The woman wrote this down—at least, I assumed she did—as she looked at us with sympathy. I hated that look. “I’m so sorry to hear. So, this little one is very special?”
“Very,” I whispered, tears gathering in my eyes as I laid a hand on my small tummy. My heart swelled with love for our little bean. Every day, I saw myself holding our little one, and I couldn’t wait for him or her to be here already.
“Well, then, today is a day for celebration, not for tears, dear.
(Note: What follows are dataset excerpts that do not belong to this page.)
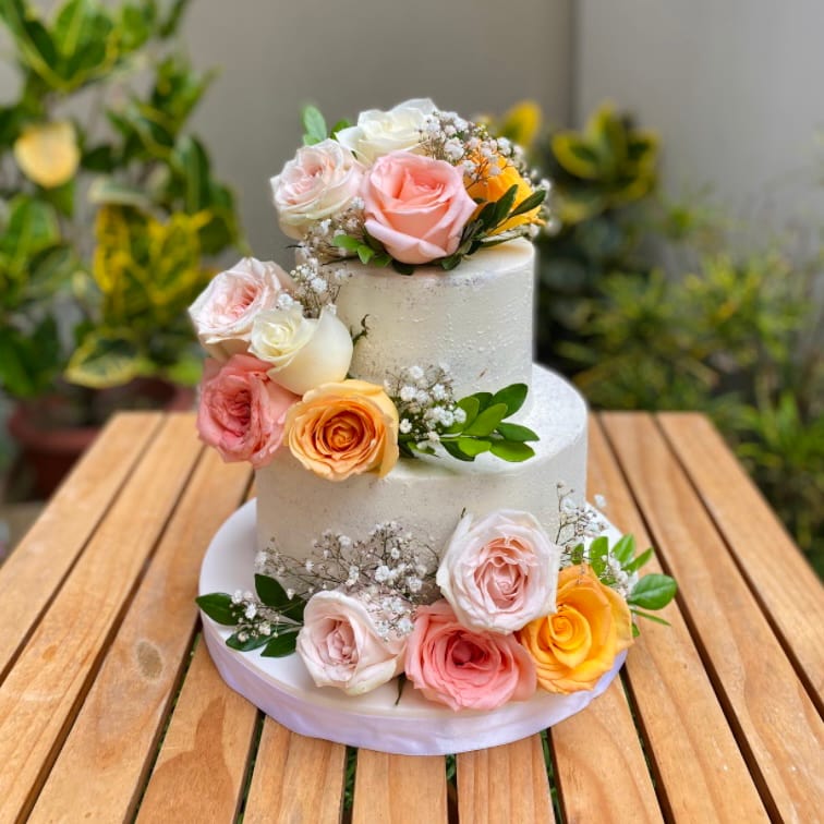 Un pastel donde la suavidad del bizcocho se combina con la belleza natural de flores frescas, haciendo de tu día algo aún más especial. Para diseñar tu torta perfecta, necesitamos: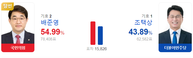 개표 결과, 국민의힘 배준영 후보가 득표율 54.99%를 얻어 국회의원으로 당선되었습니다.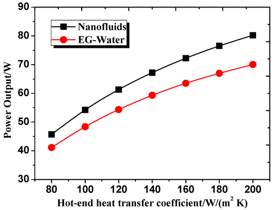 In this section, all discussions are based on the following conditions: the concentration of Cu-EG nanofluid is 3%, the mass flow rate of exhaust is 0.02 kg/s, and the inlet temperature of exhaust is 620 K. Power output variation with hot side heat transfer coefficient of TEMs is presented in Figure 7 when using Cu-EG nanofluid and EG-W as coolants for cold side of TEMs. As can be seen from Figure 7, power output increases as hot side heat transfer coefficient of TEMs increases, and power output under Cu-EG nanofluid coolant is larger than that of EG-W coolant. Moreover, the power output difference between Cu-EG nanofluid and EG-W coolant keeps increasing with the increase of hot side heat transfer coefficient of the TEMs. When hot side heat transfer coefficient is 80 W m2 K−1, power output enhancement is 4.6 W (11.2%). When hot side heat transfer coefficient rises to 200 W m2 K−1, power output enhancement rises to 11.2 W (14.6%). This can be explained as follows: due to higher heat transfer coefficient of hot side of TEMs, more heat is transferred to hot side of TEMs, resulting in a higher hot side temperature. Meanwhile, using Cu-EG nanofluid as coolant for cold side of the TEMs reduces cold side temperature of the TEMs. The higher heat transfer coefficient of hot side is, the larger temperature difference between hot and cold side of the TEMs. Therefore, power output enhancement under Cu-EG nanofluid coolant is larger than that of EG-W coolant as the increase of hot side heat transfer coefficient of the TEMs. From the perspective of synergy effect on heat transfer enhancement for hot side of the TEMs, Cu-EG nanofluid as coolant for cold side of the TEMs is also superior to EG-W coolant.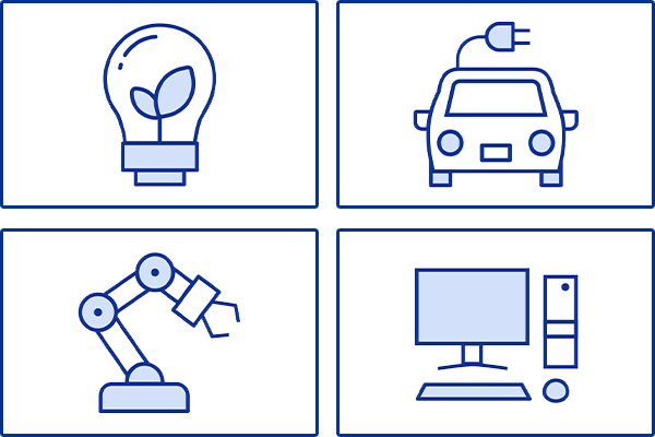 私たちは「エネルギー・環境・医療機器」「自動車・車両関連機器」「白物家電・産業用インバータ機器」「情報通信機器」の重点4市場に注力するとともに、海外市場では中国・インドをはじめとする新興国において販売網の拡充や、生産力や技術開発力を強化し、現地調達の推進や生産性向上により原価低減への取り組みを進めています。
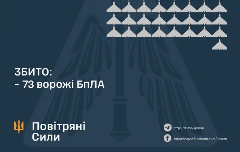 По состоянию на 09.00 подтверждено уничтожение 73-х ударных БпЛА типа Shahed и беспилотников других типов в Харьковской, Полтавской, Сумской, Черниговской, Черкасской, Киевской, Кировоградской, Житомирской, Хмельницкой, Днепропетровской, Запорожской и Николаевской областях.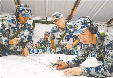 操作方艙內,各號手屏氣凝神,一串串口令清晰有力?!鞍l(fā)現(xiàn)目標,方位××,距離××!”就在準備上報射擊決心時,“敵”機突然釋放強電磁干擾,對地面雷達進行壓制,屏幕上的目標瞬間消失。面對“敵”機使出的招數(shù),指揮員陳代果斷下令實施反干擾。操縱員快速反應,目標重現(xiàn)在顯示屏上。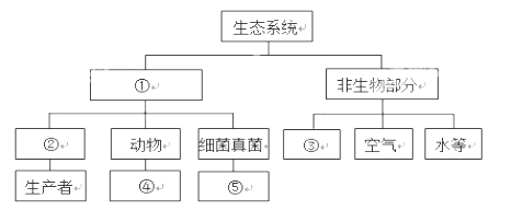【答案】①生物部分 ②植物 ③陽光、土壤、溫度等 ④消費(fèi)者 ⑤分解者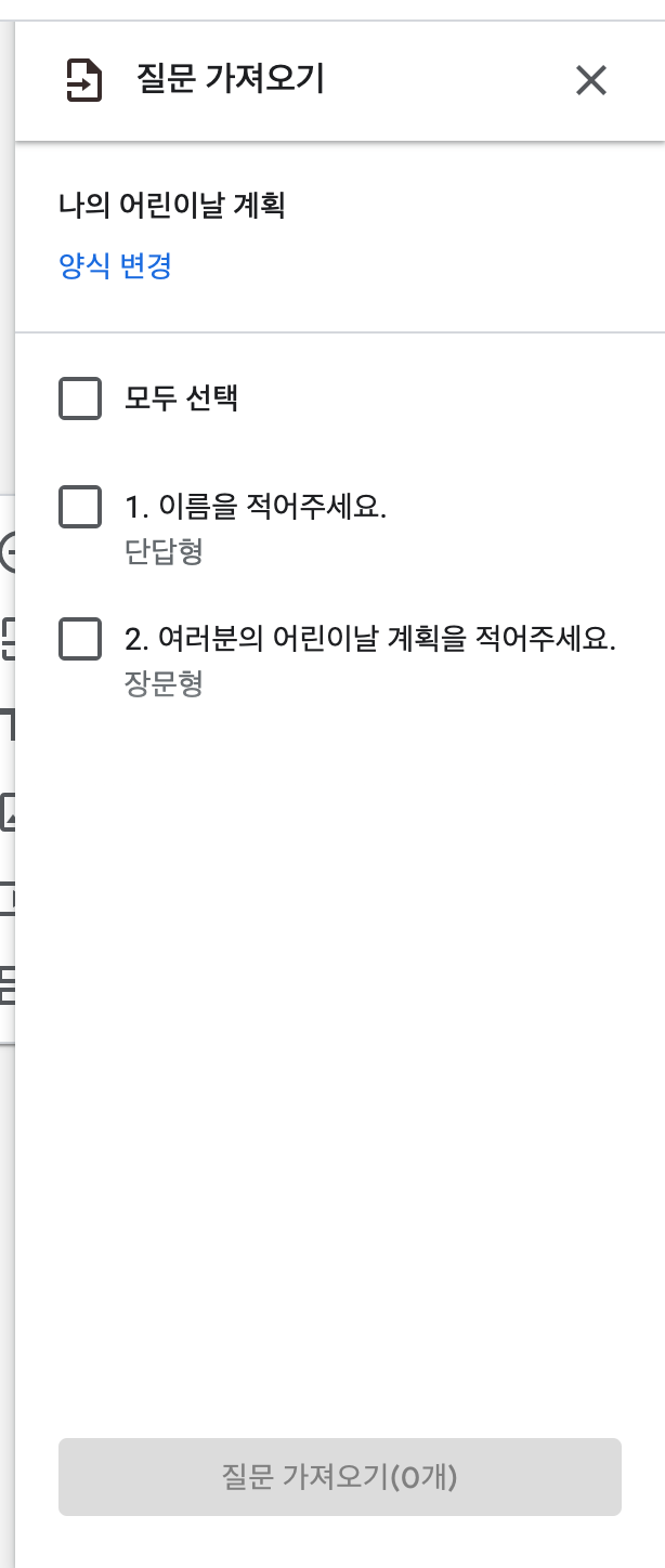 다른 구글 설문지에 있는 질문을 가져오는 기능입니다.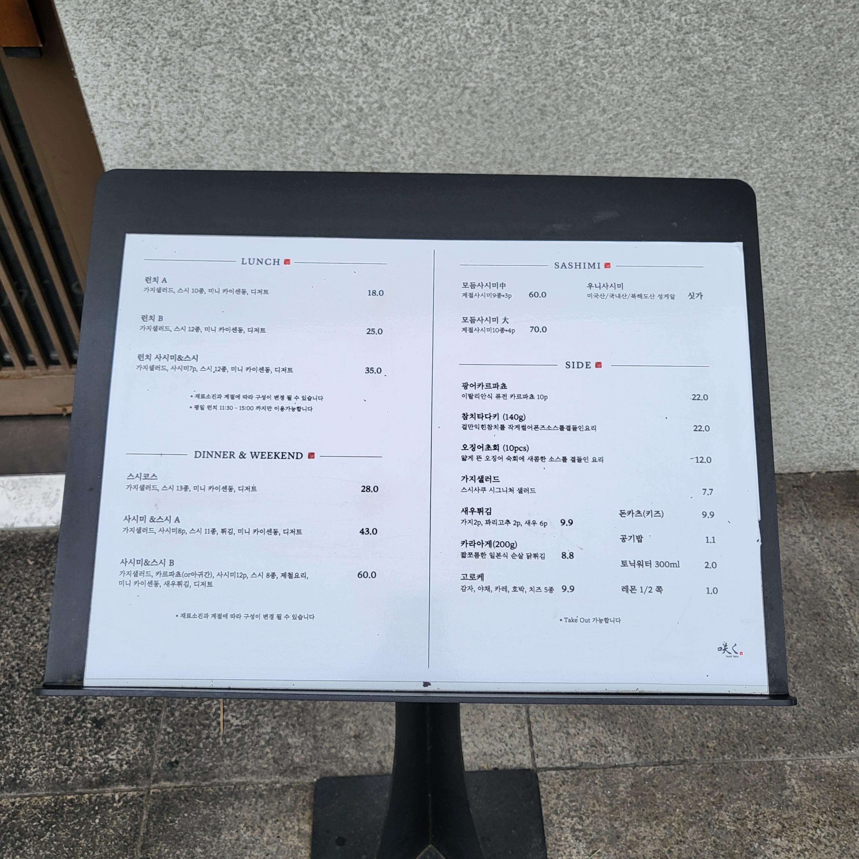 우리는 주말에 방문하여 스시세트를 시켜 먹었다. 런치세트는 평일에만 가능하다고 하니 참고하자. 주말 스시세트랑 평일 런치세트의 구성이 크게 차이 나지 않는데 가격 차이는 꽤 나서(초밥 1pc에 3000원 꼴...), 웬만하면 주중 런치에 방문하는 게 가성비를 잘 챙길 수 있을 것으로 보인다. 가격표는 아래 사진을 참고!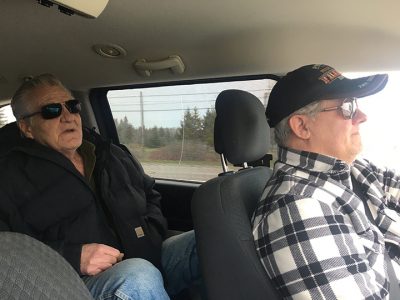 News Photo by Meakalia Previch-Liu American Taxi Cab owner Kevin Schmidt is seen driving one of his regular passengers, Wesley Jones, home from a doctor’s appointment on April 21. Schmidt said he usually takes his customers to places like the grocery store or doctor appointments.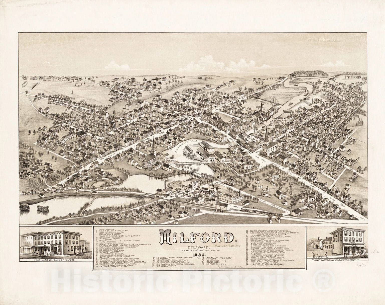 Historical Map, Milford, Delaware : 1885, Vintage Wall Art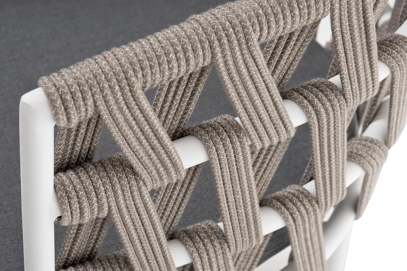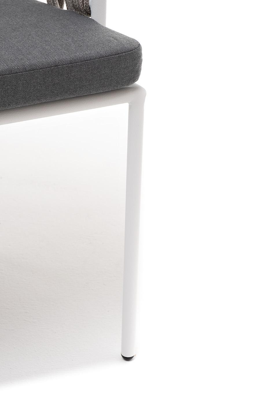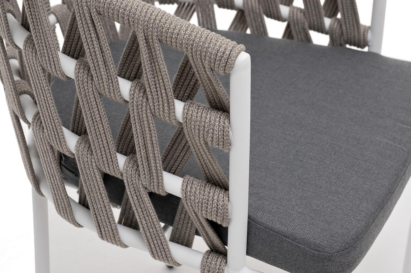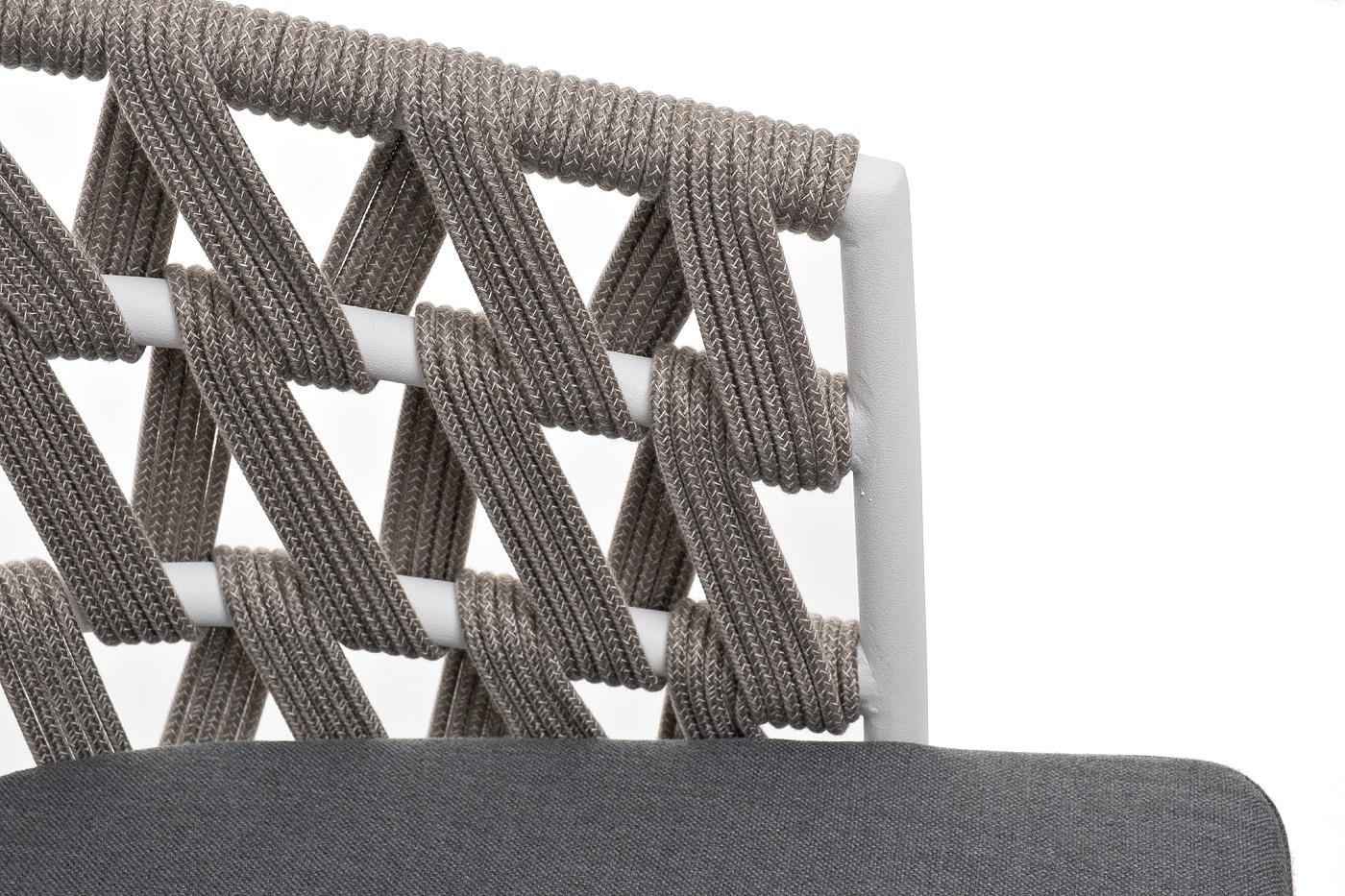 Стул 4SIS "Диего" стул плетеный из роупа, каркас из стали белый муар, роуп серый меланж круглый, ткань серая 017 арт. DIE-CH-st001 W Mua mel-grey(gray017)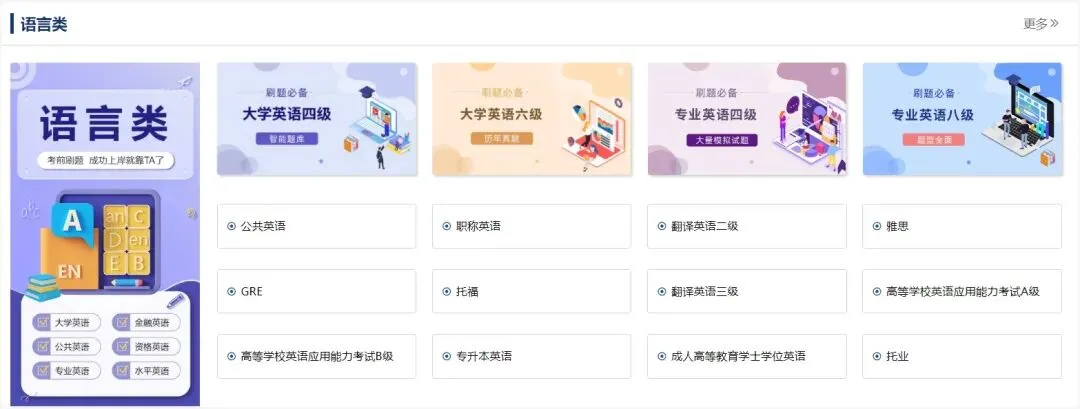 攻略:进入首页—下拉至“语言类”—大学英语四级/六级、高等学校英语应用能力考试A级/B级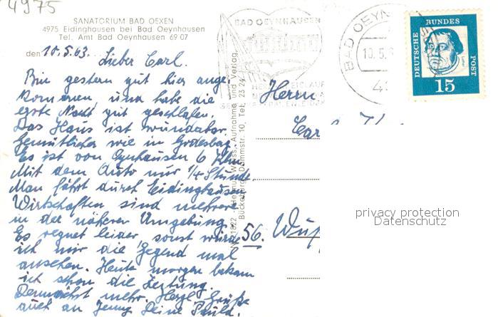73703988 alte Postkarte Bad Oexen Eidinghausen Sanatorium Aussenansicht postalisch gelaufen Erhaltung siehe scans [LiesaD40] KatCode: 11110005770004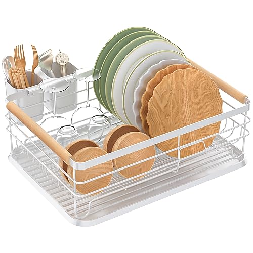 JOUING Diskställ porslin droppställ med bestickhållare diskställ med droppskål metall diskkorg för diskbänk droppställ med redskapshållare(Vit, Stor)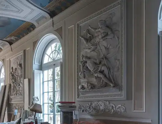 Can you identify for me the culture/style of these bas-reliefs? It would also be great if someone happened to know the name of the house where the scene was shot.

You’re going to hear your little one’s heartbeat and see the baby for the first time.” I nodded, although I couldn’t stop my already flowing tears as they rushed down my cheeks.
A few minutes later, I was situated on the exam table with a warm gel smothered over my stomach. Ryan was at my shoulder, both of his hands grasping mine as we watched the dark screen in anticipation.
“Look—there’s your baby,” the doctor announced, moving the wand around my stomach, and then, she paused, her eyes widening. My heart slammed against my breastbone, fear swarming me. “Well, congratulations, Mr. and Mrs. Wilson! You’re having twins!”
“What?!” I shrieked, looking up at Ryan, who only smiled down at me, his eyes shining with happiness.
“Sounds to me like God is looking after us, Ames,” he whispered before leaning down to kiss my forehead.
She had to be fucking kidding me.Twins?!
TWO MONTHS LATER
“I need the fucking toilet again, Ryan. Pull over at the gas station please.” We were on our way home from Orlando after spending the weekend at theme parks in celebration of my twenty-ninth birthday. We were absolutely exhausted. I didn’t get to ride anything, but that didn’t matter to me. I still had a blast.